Правило 24 секунд — страница 33 из 51

–. . / -… – .– … .-.-

Когда выходим, оказывается, что Джип уже ушел, а Алиса с братом сидят на кухне, уткнувшись в свои телефоны. Пока я вызываю такси, сестра отводит Машу в сторону, о чем-то шепчется с ней, обнимает, потом они обе хихикают. Я в этом не сомневался, но все равно искренне рад, что они так быстро нашли общий язык.

Я провожаю Гордееву до квартиры, а у самой двери говорю, протягивая руку:

– Дай свой телефон.

– Зачем?

– За тем, что я прошу.

Помедлив, вытаскивает смартфон из кармана и отдает мне. Вижу, как много ей прилетело сообщений и отметок на видео, стараюсь не читать, но выцепляю отдельные слова, и снова закипаю. Сношу все соцсети и мессенджеры, кроме нашего с ней, где в контактах только я.

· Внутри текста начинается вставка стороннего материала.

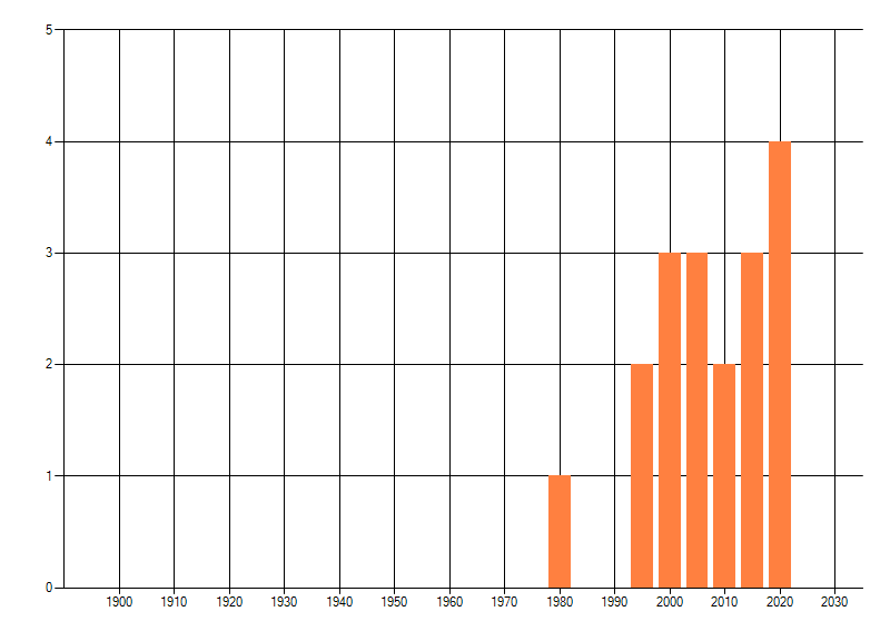 Het aantal atlasblokken (5x5 km) waarin de soort is gemeld binnen een periode van vijf jaar (vanaf 1980) of twintig jaar. Niet gecorrigeerd voor waarnemersinspanning en het aantal doorgegeven waarnemingen kan sterk variëren per periode, dus een trend in verspreiding kan hier niet direct uit worden afgelezen. Het opgegeven jaartal is het eerste jaar van de periode. Bron: gevalideerde waarnemingen uit de NDFF.

Возвращаю телефон и говорю:

– Мне кажется, на выходных лучше отдохнуть.

– Что ты сделал?

– Удалил пару приложений. Обещаю, потом верну все, как было.

Она закусывает губу и смотрит на меня снизу вверх:

– Думаешь, так лучше.

– Думаю да.

Целую Машу на прощание и ухожу. Лифтом не пользуюсь, в надежде на то, что хоть какая-то физическая активность собьет мою агрессию, но по факту с каждой ступенькой только больше завожусь.

А когда выскакиваю из подъезда, запыхавшись, совершенно точно готов наплевать на все договоренности с Ефимом.

Но огромным усилием воли я заставляю себя притормозить. По ощущениям это примерно как пытаться голыми руками остановить товарный поезд.

Я вытаскиваю телефон и набираю контакт, по которому в последнее время вообще не звонил.

– Гордый? Все в порядке?

– Привет, дядя Рустам. Да… пара вопросов просто есть. И… эм, просьба.

– Слушаю, – отзывается крестный серьезно.

– Сколько у нас дают за распространение детской порнографии?

Пару секунд в трубке тишина, а потом он хмыкает и интересуется:

– Тебе одной статьи мало? Или ты решил подзаработать?

– Ценю твое чувство юмора.

– От двух до восьми. А в чем дело?

Я вздыхаю и пинаю кроссовкой бордюр. Я помощи никогда не просил, тем более у него, и разговор дается мне тяжело. Но, возможно, Ефим прав, и сейчас так лучше.

– Одна с-с… – тут же привычно перестраиваюсь, – скотина интимные фотографии моей девушки друзьям пересылает. Ей семнадцать.

– Сама отправляла?

– Понял, пока.

Собираюсь скинуть звонок, но он торопливо говорит:

– Да погоди, погоди ты.

Слышу, как крестный устало вздыхает и шуршит какими-то бумагами.

Спрашиваю:

– Ты в отделе еще?

– Да, денек сегодня адовый. Ладно, давай заново. Мне надо объяснять тебе, что в действительности считается детской порнографией?

– Я-то знаю. Но он скорее всего не в курсе.

– За яйца просто хочешь его схватить?

Пожимаю плечами, хоть дядя Рустам этого и не видит.

Говорю:

– Морды бить мне сейчас нельзя.

– Согласен. Ладно, дай мне подумать, я завтра наберу.

– Спасибо, – пинаю бордюр еще раз, но уже не так активно.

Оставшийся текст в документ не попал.